EXERCISE AIM
When copying the entries below, leave out every picture and keep the rest exact.

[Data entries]
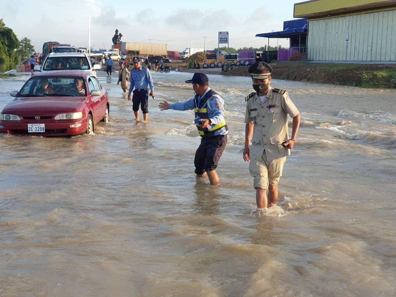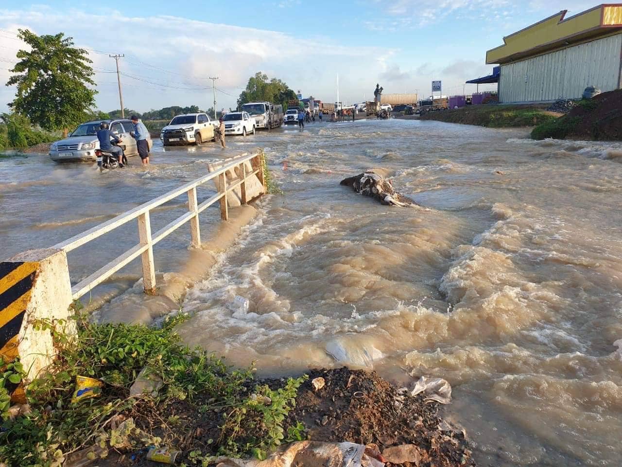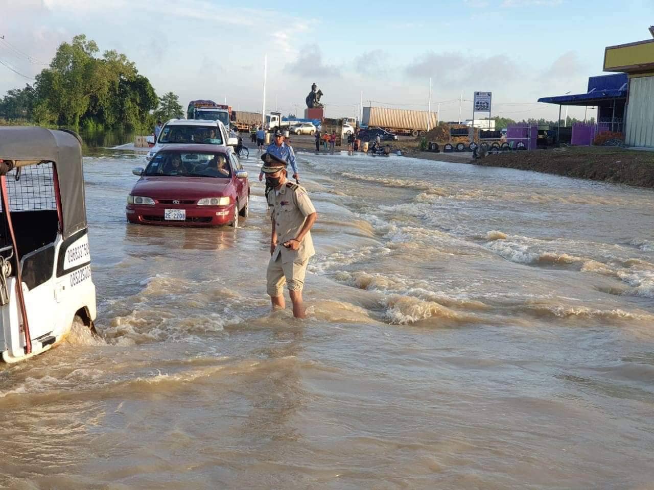 ប្រយ័ត្ន ! ជំនន់ទឹកភ្លៀងធ្លាក់យ៉ាងគំហុកពីទ្វារទឹកអន្លង់ជ្រៃហូរកាត់ផ្ដាច់ផ្លូវជាតិលេខ៥
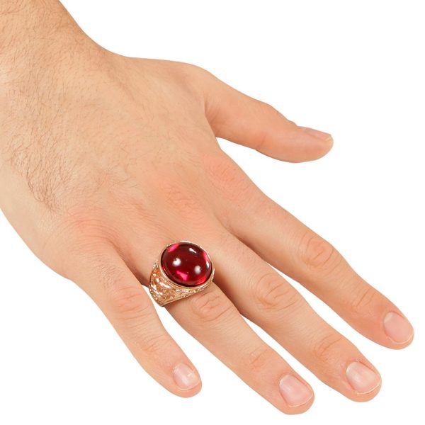 Med en maffig ring på fingret får du enkelt till en snygg detalj till utklädnaden. En häftig, guldfärgad ring med stor, röd diamant som lämpar sig utmärkt till maskerad och halloween. Perfekt för dig som söker passande halloween smycken till exempelvis pirat eller vampyr utklädnaden.
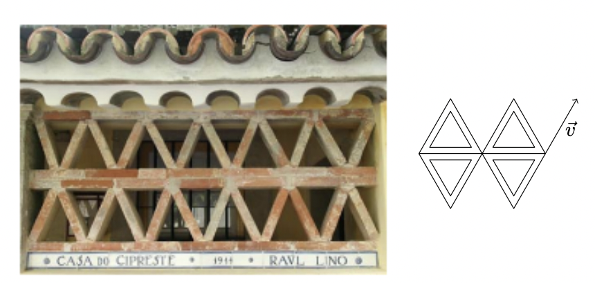 À direita, estão a representação geométrica de parte do pormenor arquitectónico e o vector $\vec{v}$
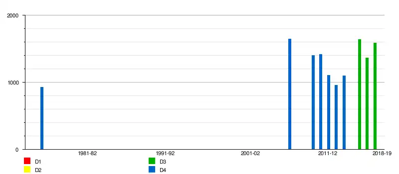 | Saison | 1969-1970 | ... | 2011-2012 | 2012-2013 | 2013-2014 | 2014-2015 |
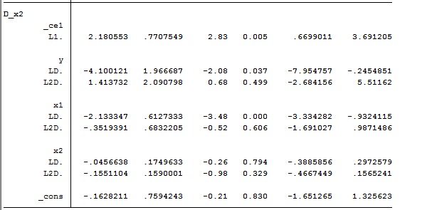 在线求职,向量误差修正VEC结果分析,以下是结果,哪位大侠帮帮忙 多谢啊
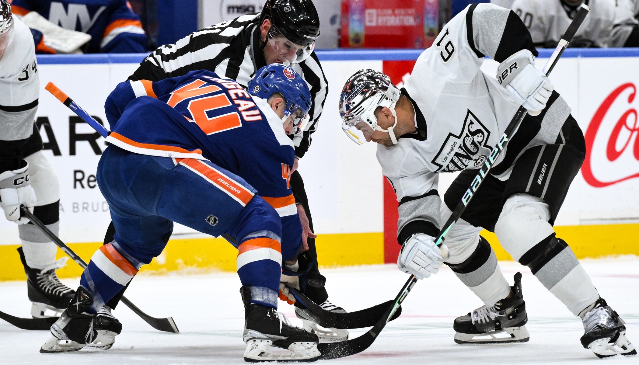 Anders Lee scores twice in third period, Islanders rally to win 3-2 over Kings in OTJean-Gabriel Pageau scored game-winner12/10/2023, 3:46 AMAssociated PressNew York Islanders center Jean-Gabriel Pageau (44) faces off against Los Angeles Kings center Trevor Lewis (61) during the first period at UBS Arena. / John Jones-USA TODAY Sports
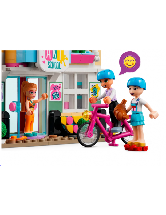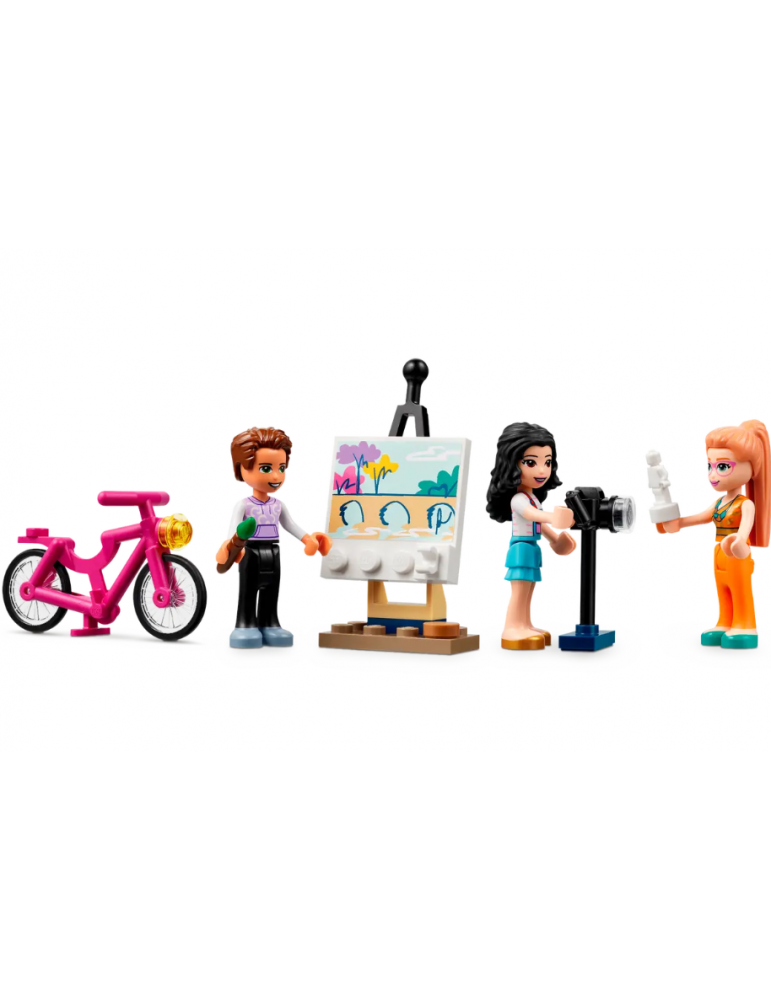 All’interno del magnifico edificio a 3 piani ci sono tanti giocattoli artistici, dove bambini e bambine giocano con Emma di LEGO® Friends mentre impara l’arte della ceramica, la moda e la stampa in 3D.
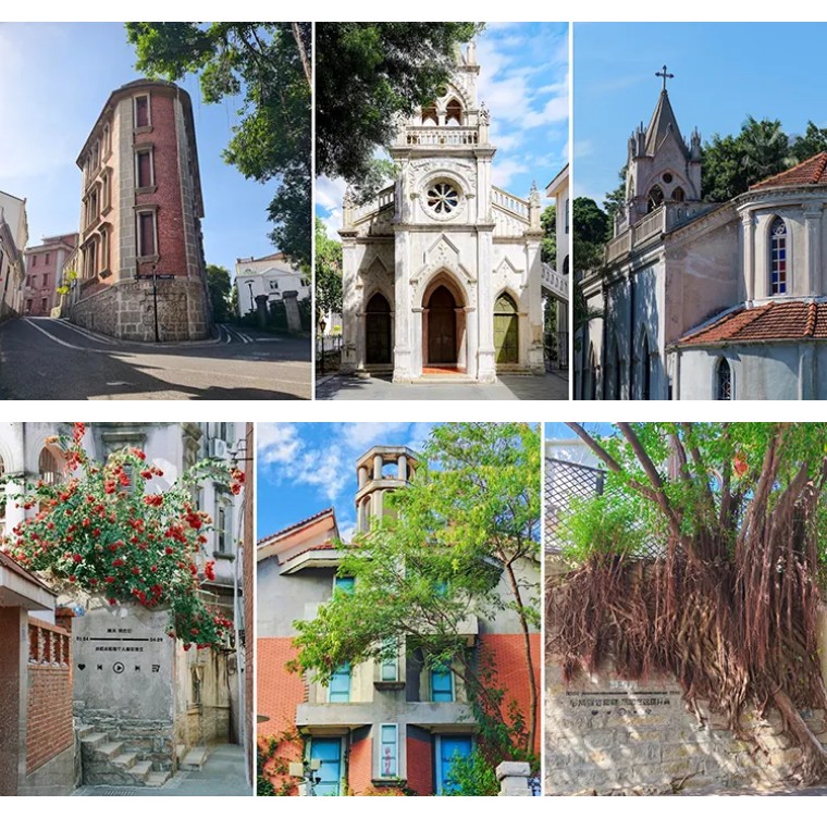 鼓浪屿古称“圆沙洲”,元末始有人居。近代曾有多国设立领事馆,岛上汇聚了数十国风格的百年老建筑,别墅、教堂与闽南民居高低错落,形成独一无二的“中西合璧”天际线。

RESULT OF THE EXERCISE
 ប្រយ័ត្ន ! ជំនន់ទឹកភ្លៀងធ្លាក់យ៉ាងគំហុកពីទ្វារទឹកអន្លង់ជ្រៃហូរកាត់ផ្ដាច់ផ្លូវជាតិលេខ៥
 Med en maffig ring på fingret får du enkelt till en snygg detalj till utklädnaden. En häftig, guldfärgad ring med stor, röd diamant som lämpar sig utmärkt till maskerad och halloween. Perfekt för dig som söker passande halloween smycken till exempelvis pirat eller vampyr utklädnaden.
 À direita, estão a representação geométrica de parte do pormenor arquitectónico e o vector $\vec{v}$
 | Saison | 1969-1970 | ... | 2011-2012 | 2012-2013 | 2013-2014 | 2014-2015 |
 在线求职,向量误差修正VEC结果分析,以下是结果,哪位大侠帮帮忙 多谢啊
 Anders Lee scores twice in third period, Islanders rally to win 3-2 over Kings in OTJean-Gabriel Pageau scored game-winner12/10/2023, 3:46 AMAssociated PressNew York Islanders center Jean-Gabriel Pageau (44) faces off against Los Angeles Kings center Trevor Lewis (61) during the first period at UBS Arena. / John Jones-USA TODAY Sports
 All’interno del magnifico edificio a 3 piani ci sono tanti giocattoli artistici, dove bambini e bambine giocano con Emma di LEGO® Friends mentre impara l’arte della ceramica, la moda e la stampa in 3D.
 鼓浪屿古称“圆沙洲”,元末始有人居。近代曾有多国设立领事馆,岛上汇聚了数十国风格的百年老建筑,别墅、教堂与闽南民居高低错落,形成独一无二的“中西合璧”天际线。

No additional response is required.